Look at National Advisors Trust. A lot of independent trust companies are on autopilot, content to drift until industry conditions get in their way.

Combs and his team are actively steering against that drift. They’ve expanded the number of advisory firms they work with 60% and boosted their overall reach 40-fold since 2013.

That kind of growth doesn’t come from simply capturing vulnerable accounts from other trust companies. Any advisor knows that unless you’re aggressively reaching out to new categories of client, you’re really just trading assets back and forth with your competitors.

In that zero-sum world, retention is everything and it gets progressively expensive as we need to provide more value or cut fees in order to capture more clients than we lose. Many advisors have already scaled back their compensation, reducing the resources available to expand the service platform.

National Advisors Trust recognizes that competing on fees is a race to oblivion. The more crowded the marketplace gets, the faster that race will result in forced consolidation and ultimately a world of utility providers.

That’s not what Combs wants. Growing the service network is not just about scale for its own sake. The objective is to strengthen and support as many advisors as possible in order to get better outcomes for everyone.

Beyond the winner-take-all world

A stronger industry can actually mean more money to go around. After all, very few advisors even incorporate trust and estate planning into their day-to-day client relationships. This is still exotic territory for many.

But for Combs, reconceptualizing the “client” in multi-generational terms becomes the foundation of a new approach to financial planning. In this model, the trust is the client and individual beneficiaries fit into that framework.

The more the advisor focuses on the trust, the easier retention gets. Individual clients are fickle. When the trust documents spell out who will manage the money, that AUM can remain in place for decades if not centuries.
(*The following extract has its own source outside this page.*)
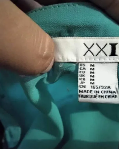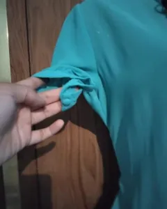 Blusa con cuellito y olanes de color menta, tiene 2 cordoncitos para formar un moño de color negro a la altura del cuello no estira mucho la tela y es fresca
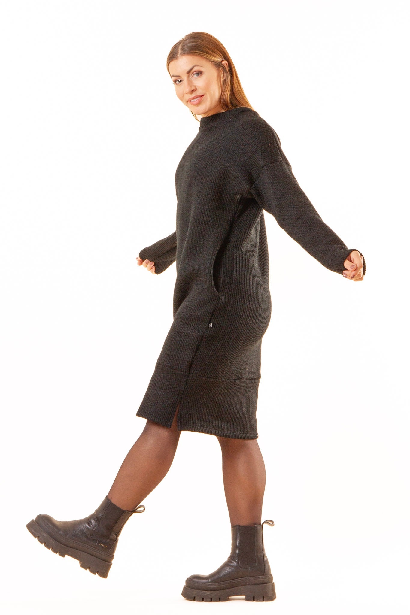 Kaelina Sort Strikket Sweaterkjole – Hyggelig og Rummelig Lang Sweater med Rygdetaljer til Kvinder

And once that AUM is assured, the advisor can relax a little. Competition becomes more of a one-sided process of prospecting accounts away from rivals while remaining confident that the trusts are a lot stickier than individual accounts.

A more relaxed advisor can look toward the future, dream big again. There’s room in that world for strategic planning, business development, figuring out what the service platform of tomorrow looks like and where the partners fit in.
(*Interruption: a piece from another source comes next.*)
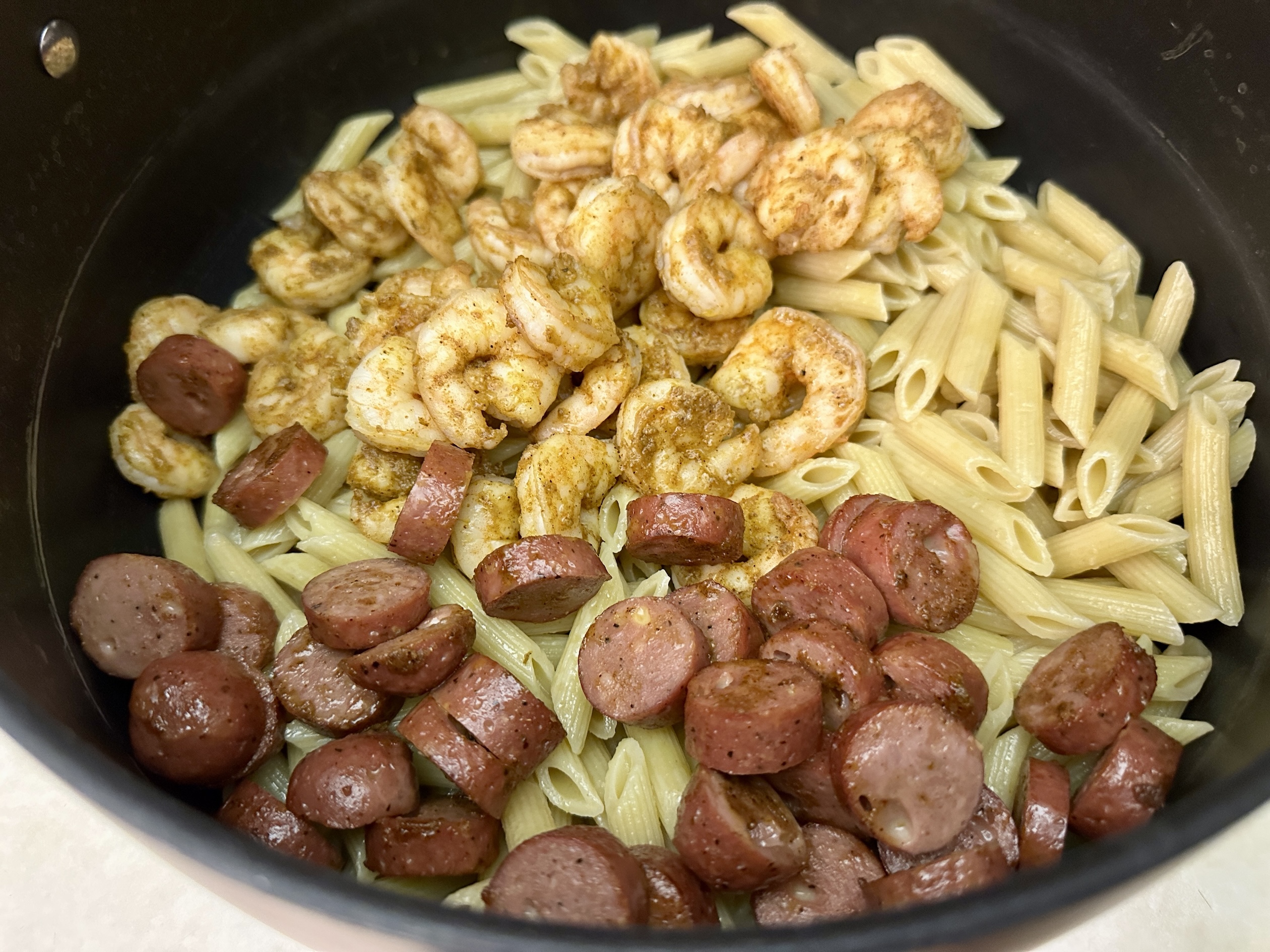 Finally, fold in the cooked pasta, shrimp, and sausage, letting everything simmer together for a few minutes so the pasta absorbs some of the sauce and the flavors really come alive. Once it’s all coated in that luscious, cheesy, spicy sauce, finish with a sprinkle of fresh chopped parsley.

I could talk a lot about how that world works and how good it feels after a decade of jumping at hypotheticals. But that’s me. You’ll chart your own destiny, provided of course that you manage to lift your gaze from the day-to-day grind.

The important thing here is that Jim Combs and his team already have their eyes on that future. They’re building a new financial planning orientation that in many ways inverts all our assumptions on how wealth relationships should work.

It starts with the ultra-long-term view. That provides both confidence and resilience.

The alternative is remaining a hostage to disruption. Winners will consolidate. Technology leaders will build their own new markets and cannibalize legacy channels. People who are unwilling to play to win are planning for a life of (at best) slow attrition.

“The emergence of platform providers and digital marketplaces, the formation of mega-RIAs, breakaway advisors seeking independence and entrepreneurship, the race of trading fees to zero, and the convergence of intermediary channels are some of the powerful forces reshaping the industry,” Combs predicts.

“These changes will test the strength and integrity of business models and relationships for all industry participants.”

In other words, it’s going to be interesting times. You can embrace the opportunities and try to build something great, or you’re free to get ready for retirement.

Life is too short to spend drifting. And after a decade of drift, I’m eager to see what you can do. So is Combs. National Advisors Trust was chartered by advisors who saw a brighter future ahead. It’s here to share that vision.